For example, for a large rotating machine such as a turbine generator, fan or pump the excitation force is primarily caused by any imbalance present in the structure and the vibration pattern is influenced by the structure’s natural frequencies, the stiffness of the supporting bearings and the rotational speed.

In this particular example we will examine how ODS analysis can be used to view vibration patterns for a Gas Turbine and Generator machine.  The machine consists of the following components as illustrated in Figure 1 below.

Machine Diagram
Figure 1: Machine Diagram

In total the machine has five bearings.  Bearing 1 and 2 are before and aft the Gas Turbine/Compressor assembly. Bearing 3 and 4 are in-board and out-board of the generator and bearing 5 is after the exciter.

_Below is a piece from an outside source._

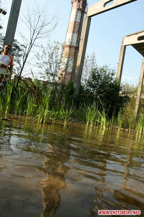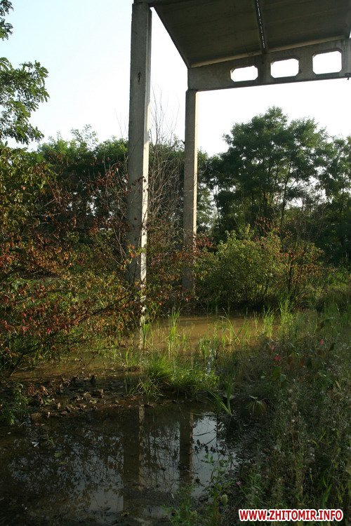 В Житомире в микрорайоне Крошня, за железнодорожным переездом рядом с цехами бывшего завода, «Автозапчасть» из-под земли сотнями кубов вытекает чистая водопроводная вода.

This particular machine and other associated components are monitored by a PROTOR online vibration monitoring system. This system is continuously collecting and analysing data from both shaft proximity probes in the X and Y directions at each bearing and from vertical and horizontal vibration probes mounted on the bearing pedestals. Data is analysed relative to a ‘once-per-revolution’ phase reference (or tachometer) signal which provides an accurate measure of rotational speed and is also used to synchronously sample the vibration data to provide high accuracy measures of the frequency harmonics of the rotational speed. The tachometer signal also ensures that these harmonics are ‘phase-locked’ to the same point on the rotational cycle of the shaft which is important when comparing data across channels.  PROTOR collects data from these vibration sensors at all operational states from slow-roll barring through runup and rundown (coastdown) variable speed states to constant speed onload conditions.  When observing rotor-dynamics of this type of machine, the vibration patterns during the variable speed states are most interesting as different frequencies are excited.  The following graph, Figure 2, produced by PROTOR shows the variation in 1st Order amplitude and phase for the X and Y proximity probes for bearing 3  (generator in-board) during the run-up of the machine from 200 to 3000 RPM.

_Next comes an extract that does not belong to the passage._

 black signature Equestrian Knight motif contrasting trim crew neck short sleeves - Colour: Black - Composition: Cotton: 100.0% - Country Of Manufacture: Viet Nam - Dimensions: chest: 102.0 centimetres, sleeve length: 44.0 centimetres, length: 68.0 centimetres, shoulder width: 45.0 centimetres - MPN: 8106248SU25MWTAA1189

1st Order amplitude and Phase versus speed for Bearing 3 X and Y directions
Figure 2: 1st Order amplitude and Phase versus speed for Bearing 3 X and Y directions

[Note, in practice the X and Y proximity probes are mounted at 45 degrees either side of the top of the bearing, PROTOR has resolved these into the true horizontal (X) and vertical (Y) components].

From PROTOR we can export this data into DATS format files. The resultant DATS file contains separate signals for the Modulus and Phase components for each transducer. Each signal contains the 1st order measurement at 10 RPM increments. With some simple manipulation this file is then suitable for use in the DATS structural animation package.

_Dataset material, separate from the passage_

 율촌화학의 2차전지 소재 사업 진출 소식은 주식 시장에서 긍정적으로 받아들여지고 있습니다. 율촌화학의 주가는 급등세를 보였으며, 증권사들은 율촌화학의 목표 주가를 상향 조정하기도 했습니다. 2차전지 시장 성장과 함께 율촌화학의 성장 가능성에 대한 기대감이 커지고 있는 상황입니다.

Within DATS we can use the structural animation editor to construct a very simple line model of the turbine-generator chain with a node for each bearing.  For this simple model we have assumed that the bearings are equi-spaced along the shaft, see Figure 3. We have selected a geometry that matches our measurement direction annotation from PROTOR and so has Y vertical, X horizontal and so Z is along the shaft.

Shaft Model Co-ordinates
Table 1: Shaft Model Coordinates
DATS Structural Animation Configuration
Figure 3: DATS Structural Animation Configuration

We can then attach signals from the DATS file created by PROTOR to the X and Y directions for each of the bearing nodes in turn.  As shown in Figure 4, we have selected node B1 and have associated the signal B1EX_ordp1 with the X-direction and B1EY_ordp1 with the Y-direction. We can do similar for each node in turn.

Data Association
Figure 4: Data Association

We can now run the structural animation program to show the model and the vibration patterns at each speed step in the run-up. The Structural Animation package contains many features and many presentation modes. The picture below, Figure 5, shows a typical window layout. On the left-hand side we have the component window at the bottom which shows the 5 nodes for our bearing locations. Above this, the data windows show the order traces for a selected bearing (in this case Bearing 3). Here we have chosen to show only the modulus component but we could easily show both the modulus and phase components.

DATS Structural Animation
Figure 5: DATS Structural Animation

On the right-hand side are four separate windows showing the structure and the vibration deflection from the front, side, top and user defined perspectives. The rotational speed from which the deflection data is computed is controlled by the scroll-bar at the bottom of the screen and is also shown by the position of the cursor in the data window.

[Note that the deflection data is greatly exaggerated relative to the size of the model to illustrate the vibration pattern. The user can select the amount of gain to apply to the deflection to give the most appropriate picture].

The deflection diagram shown from the top best illustrates the shaft movement in the horizontal direction, Figure 6.

[Note on this view bearing 1 is at the top of the picture].

Top view
Figure 6: Top view

You can also add arrows to indicate the deflection direction relative to the centre line of the shaft.  At the bottom of the page is a phase angle control button. You can use this button to show how the deflection pattern changes with phase. These diagrams show the extremities of deflection, on either side of the centreline with bearings 3 and 4 showing the most movement.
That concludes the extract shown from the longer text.